### Records shown
┄┄┄┄┄┄

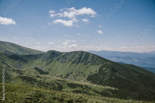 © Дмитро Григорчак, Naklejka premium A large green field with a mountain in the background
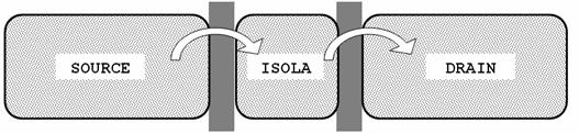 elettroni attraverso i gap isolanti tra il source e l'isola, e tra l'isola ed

┄┄┄┄┄┄

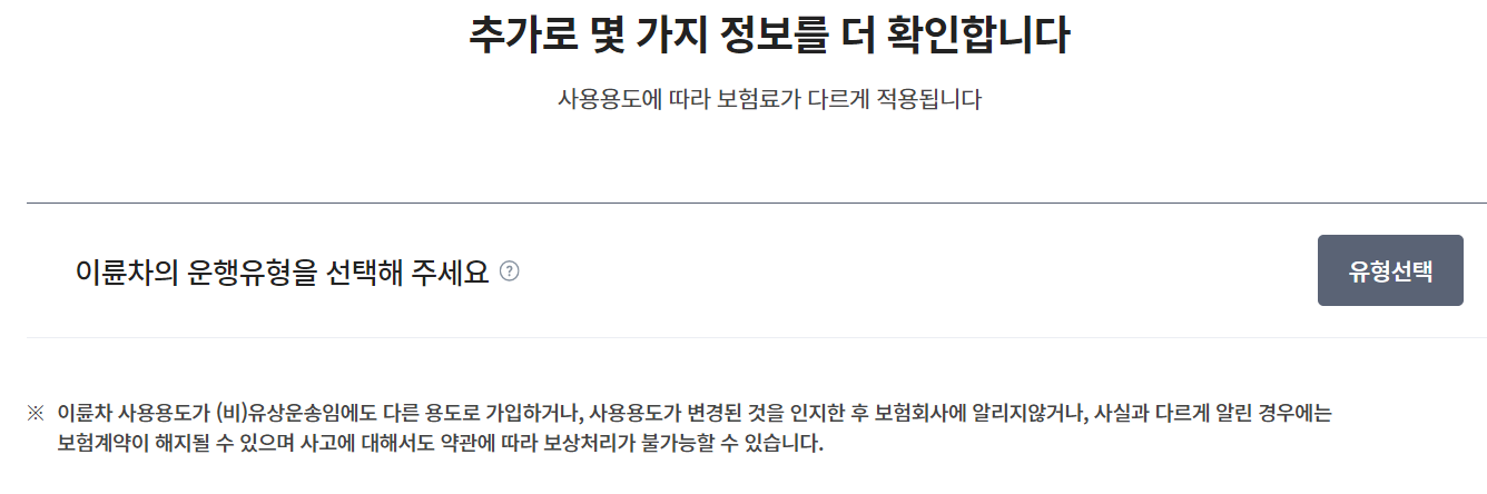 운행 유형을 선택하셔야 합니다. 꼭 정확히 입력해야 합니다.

┄┄┄┄┄┄

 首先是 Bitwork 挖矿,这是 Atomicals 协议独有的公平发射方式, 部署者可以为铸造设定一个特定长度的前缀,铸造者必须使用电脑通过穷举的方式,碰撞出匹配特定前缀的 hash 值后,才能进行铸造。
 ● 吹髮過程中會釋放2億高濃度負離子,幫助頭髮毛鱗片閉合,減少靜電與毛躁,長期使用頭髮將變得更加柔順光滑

┄┄┄┄┄┄

### What the exercise asks
Reproduce, exactly and only, the lines of the records above starting at the line with "in the background" and ending at the line with "elettroni attraverso i", both included. Leave every picture out.

### Solution below
 © Дмитро Григорчак, Naklejka premium A large green field with a mountain in the background
 elettroni attraverso i gap isolanti tra il source e l'isola, e tra l'isola ed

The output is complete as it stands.